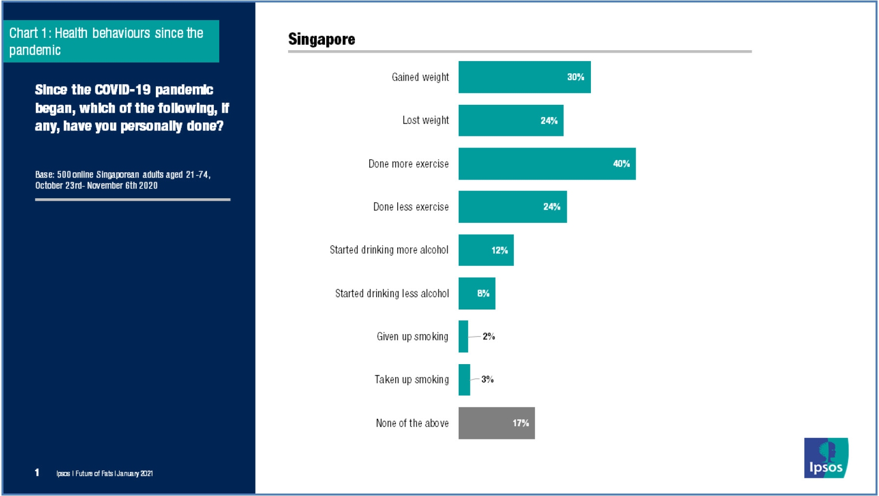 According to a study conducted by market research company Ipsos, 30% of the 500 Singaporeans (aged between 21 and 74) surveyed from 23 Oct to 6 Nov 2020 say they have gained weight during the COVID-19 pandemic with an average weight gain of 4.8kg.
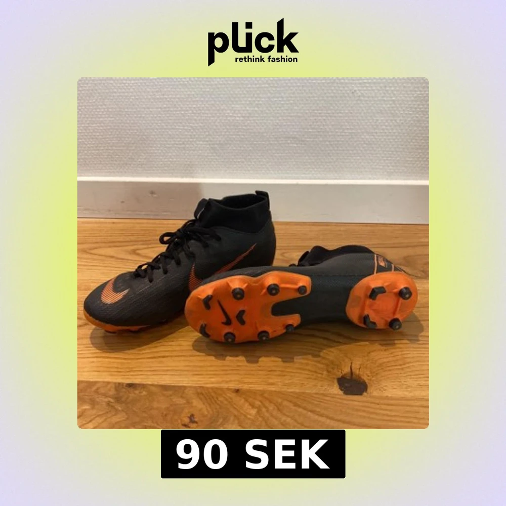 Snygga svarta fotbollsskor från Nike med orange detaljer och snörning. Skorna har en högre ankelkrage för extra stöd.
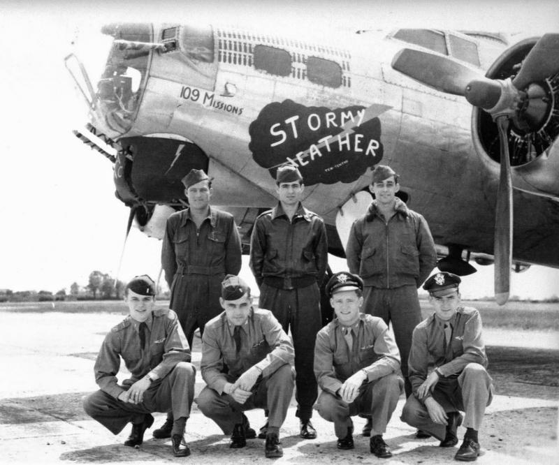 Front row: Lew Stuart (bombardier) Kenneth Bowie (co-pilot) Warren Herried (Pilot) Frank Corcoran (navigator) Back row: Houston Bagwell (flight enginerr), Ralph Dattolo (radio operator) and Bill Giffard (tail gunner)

- _Exercise details_:
Having located the line with "Snygga svarta fotbollsskor", transcribe exactly and only the lines from it to the final line of the material, skipping the pictures.

- _Solution for this task_:
 Snygga svarta fotbollsskor från Nike med orange detaljer och snörning. Skorna har en högre ankelkrage för extra stöd.
 Front row: Lew Stuart (bombardier) Kenneth Bowie (co-pilot) Warren Herried (Pilot) Frank Corcoran (navigator) Back row: Houston Bagwell (flight enginerr), Ralph Dattolo (radio operator) and Bill Giffard (tail gunner)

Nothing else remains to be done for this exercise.